DATA -
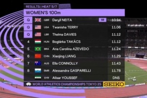 体育资讯9月13日讯 2025年东京田径世锦赛女子100米预赛,梁小静在第五组第8道登场,最终梁小静11秒29小组第六无缘半决赛。
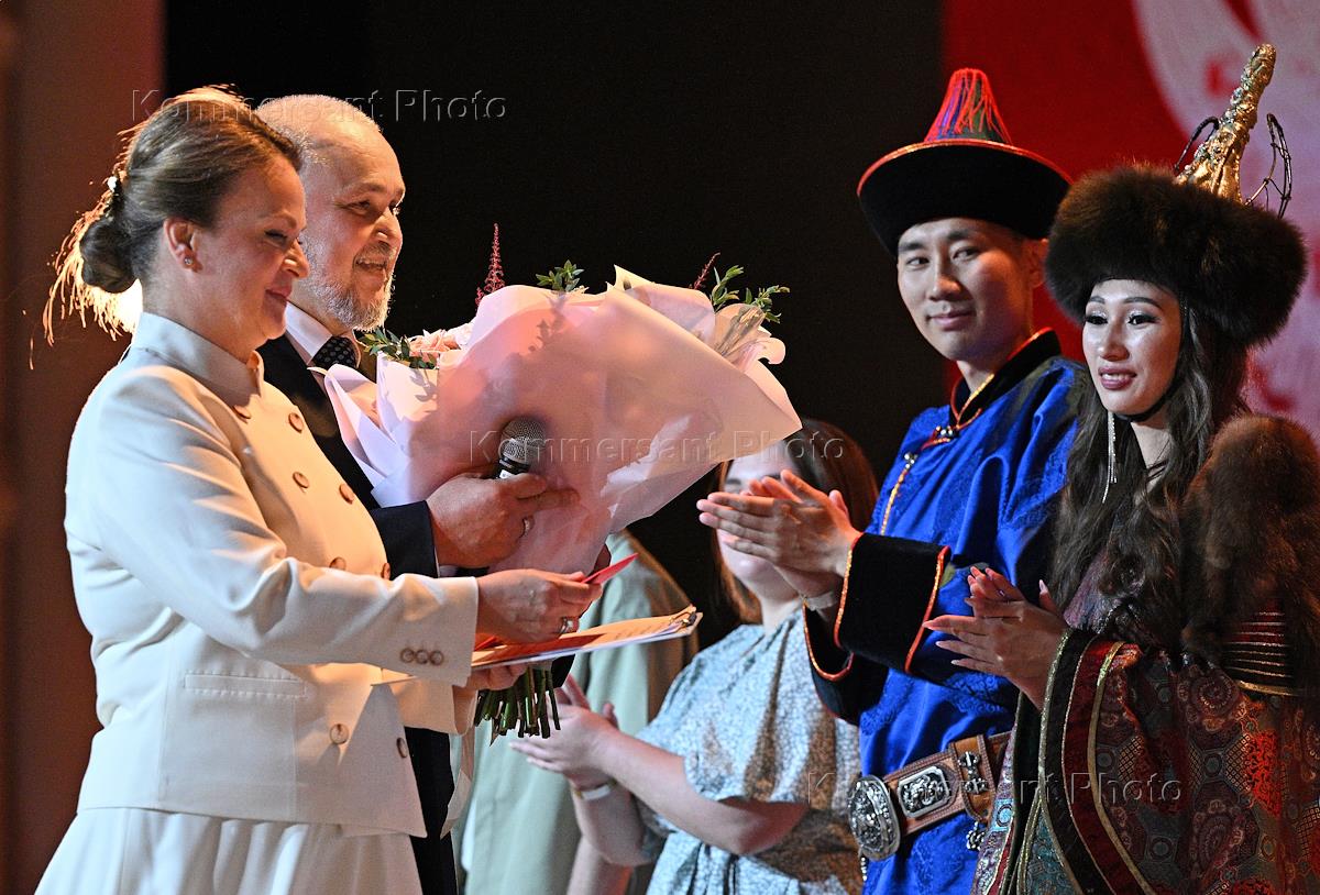 II Всероссийский свадебный фестиваль "Россия. Соединяя сердца" в Национальном центре "Россия". Заместитель министра обороны России, председатель фонда "Защитники Отечества" Анна Цивилева (вторая слева) и министр энергетики России Сергей Цивилев (слева) во время фестиваля.
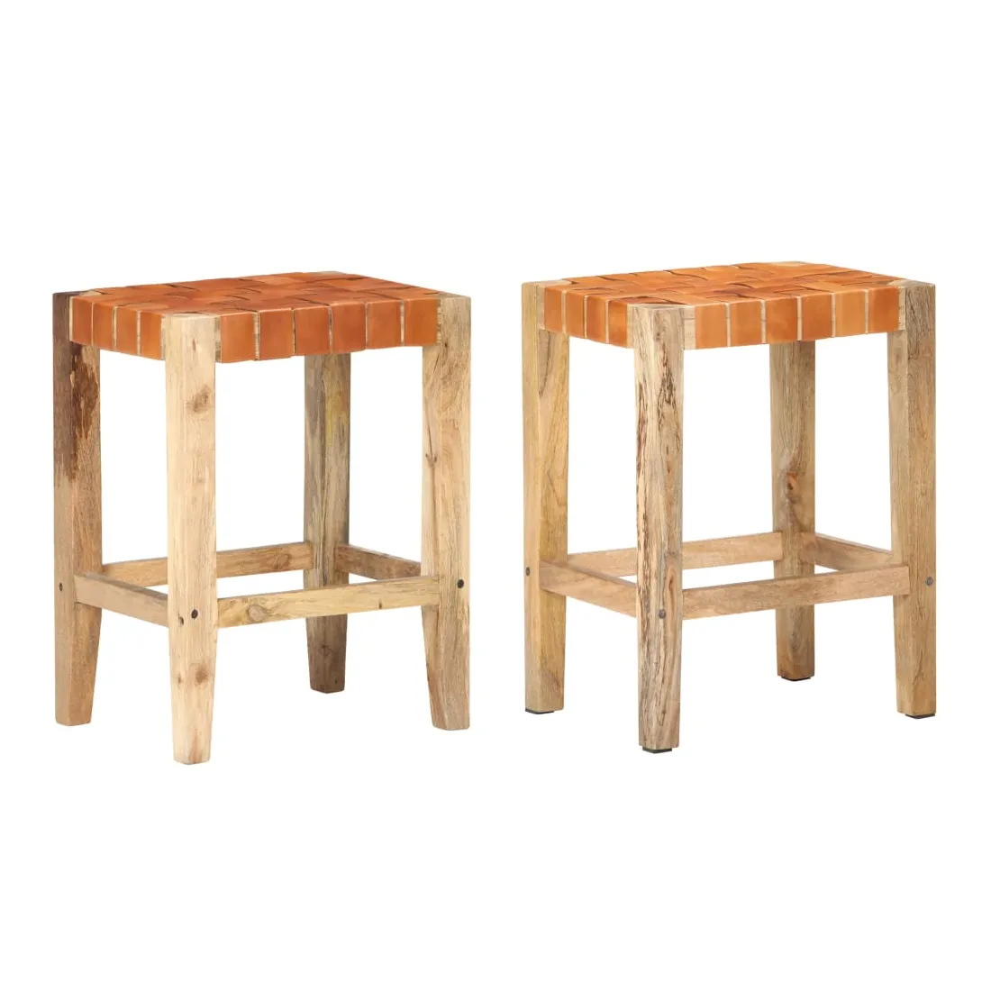 vidaXLCes tabourets de bar doux et confortables compléteront n’importe quel intérieur avec leur design unique et saisissant. Fabriquées en cuir véritable combiné avec du bois de manguier massif, ces chaises de bar sont durables et confortables. Les sièges sont doux au toucher et offrent une expérience d'assise confortable. Le cadre en bois ajoute à leur robustesse et les tabourets sont faciles à déplacer pour convenir à n’importe quel décor. Veuillez noter : les magnifiques veines du bois rendent chacune de ces chaises de bar unique et légèrement différente l'une de l'autre ; la livraison est aléatoire.

PROBLEM DETAILS -
All that is wanted is the run of lines from the start of the material through the line that holds "II Всероссийский свадебный", retyped exactly, with no pictures.

RESPONSE FOR THIS EXERCISE -
 体育资讯9月13日讯 2025年东京田径世锦赛女子100米预赛,梁小静在第五组第8道登场,最终梁小静11秒29小组第六无缘半决赛。
 II Всероссийский свадебный фестиваль "Россия. Соединяя сердца" в Национальном центре "Россия". Заместитель министра обороны России, председатель фонда "Защитники Отечества" Анна Цивилева (вторая слева) и министр энергетики России Сергей Цивилев (слева) во время фестиваля.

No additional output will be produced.